Love Is A Drug

Love is a drug according to researchers who have been looking at the brain scans of the broken-hearted. Scientists found that recovering from a break-up is like a kicking an addiction to a drug. It's the chemistry of love! Love, like a drug, can make a person obsess, and crave. Our poets, our songs, our novels, our sitcoms, our operas, our plays, have been discussing it forever.

You turn into a menace or a pest when you've been rejected. That's when people stalk or commit suicide. There's a very powerful brain system that has a dramatic effect on your entire life. This system evolved to focus your energy on an individual and start the mating process.

Fifteen college-age, heterosexual men and women still raw and reeling from a recent break-up were recruited for a study. On average, the participants had been rejected about two months prior and said they were still in love. As the participants looked at images of their ex lovers, researchers looked at images of the participants' brains. The parts of the brain that lit up were the same ones associated with cocaine and nicotine addiction, physical pain and distress and attachment. Just as a person would while fighting a drug addiction, a lovelorn person obsesses, craves and distorts reality. This makes love addiction a legitimate form of mental illness like all addictions.
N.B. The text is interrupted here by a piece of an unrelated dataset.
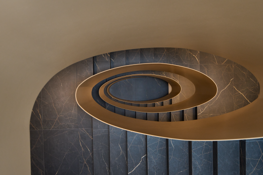 Die Innenraumgestaltung zeichnet sich durch Massivparkett, raumhohe Türen und präzise ausgeführte Schattenfugen aus. Großformatige Fliesen in den Bädern minimieren den Fugenanteil und schaffen eine ruhige, großzügige Anmutung. Holz-Aluminium-Fenster sorgen für einen hohen Tageslichteinfall und tragen zu einer angenehmen Wohnatmosphäre bei. Das Treppenhaus erzielt mit seinem elliptischen Treppenauge eine besondere räumliche Wirkung und setzt den hochwertigen Innenausbau auch in der Erschließung fort.
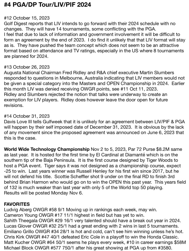 Golf Digest reports that LIV intends to go forward with their 2024 schedule with no changes.  They will have 14 tournaments, some conflicting with the PGA.  I feel that due to lack of information and government involvement it will be difficult to form an agreement by the end of 2023.  I do find it unlikely that that LIV format will stay as is.  They have pushed the team concept which does not seem to be an attractive format based on attendance and TV ratings, especially in the US where 8 tournaments are planned for 2024.

When it comes to trying to stay friends for exchange letters and e-mails, "Just say no". It's like trying to give up cigarettes and having one every afternoon. It's just not going to happen. As soon as you can say this is a chemical reaction in the brain, then they're less likely to stay in bed, to berate themselves, and "moon over"...because there is an explanation."

"The danger is that people don't take responsibility. "Let me blame the chemical in my brain and not take responsibility for the fact that I can't cope ... and take responsibility by examining your own participation and defining what your choices are". However, for most people it can be very helpful because they can say, "I have this problem. I can get over it. I know it will pass." As time goes on, the pain fades away. Researchers indeed found that "time heals". As more time passed, activity in the parts of the brain associated with attachment and addiction decreased.